Investor demand and regulatory scrutiny are driving a biodiversity evolution.
Biodiversity is rapidly emerging as a core component of Environmental, Social and Governance (ESG) policies among fund managers, reflecting growing recognition of its financial and systemic implications.
Recent analysis of the Lonsec manager universe shows a sharp increase in biodiversity-related disclosures. The number of managers reporting a policy position on biodiversity has surged from 21 to 72 in the past year, out of approximately 300 managers. Lonsec’s internal rating of the strength of these policies has also more than doubled, signalling a significant improvement in both quality and depth.
This trend underscores an industry-wide shift toward proactive management of biodiversity risks, which are increasingly viewed as material to long-term portfolio resilience. Approaches vary:
- Some managers integrate biodiversity into broader ESG frameworks, using metrics such as natural capital and deforestation risk.
- Others adopt dedicated biodiversity policies, toolkits, and roadmaps to guide investment and engagement strategies.

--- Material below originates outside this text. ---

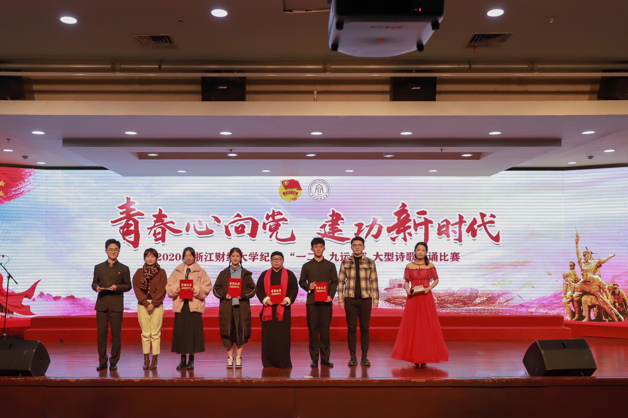 本网讯 为迎接学校第二次党代会召开,纪念“一二·九”运动85周年,12月8日,“青春心向党,建功新时代”纪念“一二·九”运动诗歌朗诵比赛在我校下沙校区举行。校党委副书记余建森、相关职能部门负责人和师生代表300余人等共同观看了比赛。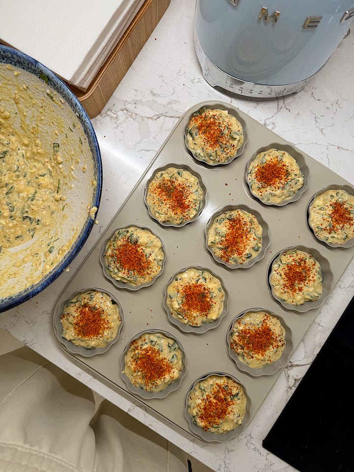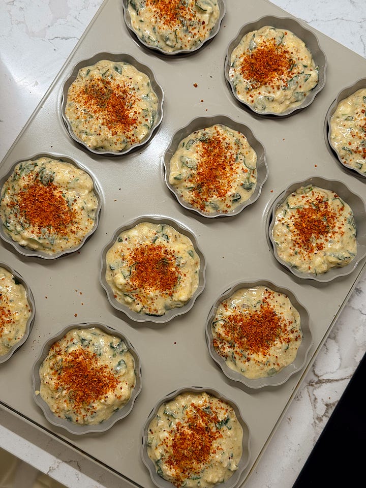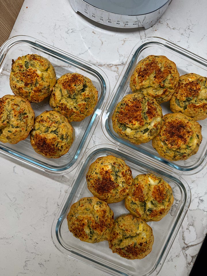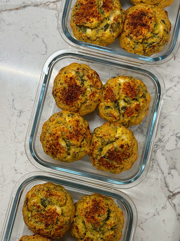 Macros (per muffin): ~140 kcal | 7 g protein | 9 g carbs | 8 g fat

Global initiatives are also gaining traction. Participation in coalitions like Nature Action 100 and alignment with frameworks such as the Taskforce on Nature-related Financial Disclosures (TNFD) are becoming common, helping standardise reporting and foster collaboration.
Despite progress, gaps remain. Many managers acknowledge biodiversity risks but lack formalised policies with measurable targets. Integration often occurs indirectly through climate strategies, and some disclosures remain generic.
Investor demand and regulatory scrutiny are driving this evolution. Enhanced transparency and structured approaches to biodiversity risk management are expected to become critical differentiators for fund managers seeking to maintain trust and deliver sustainable outcomes.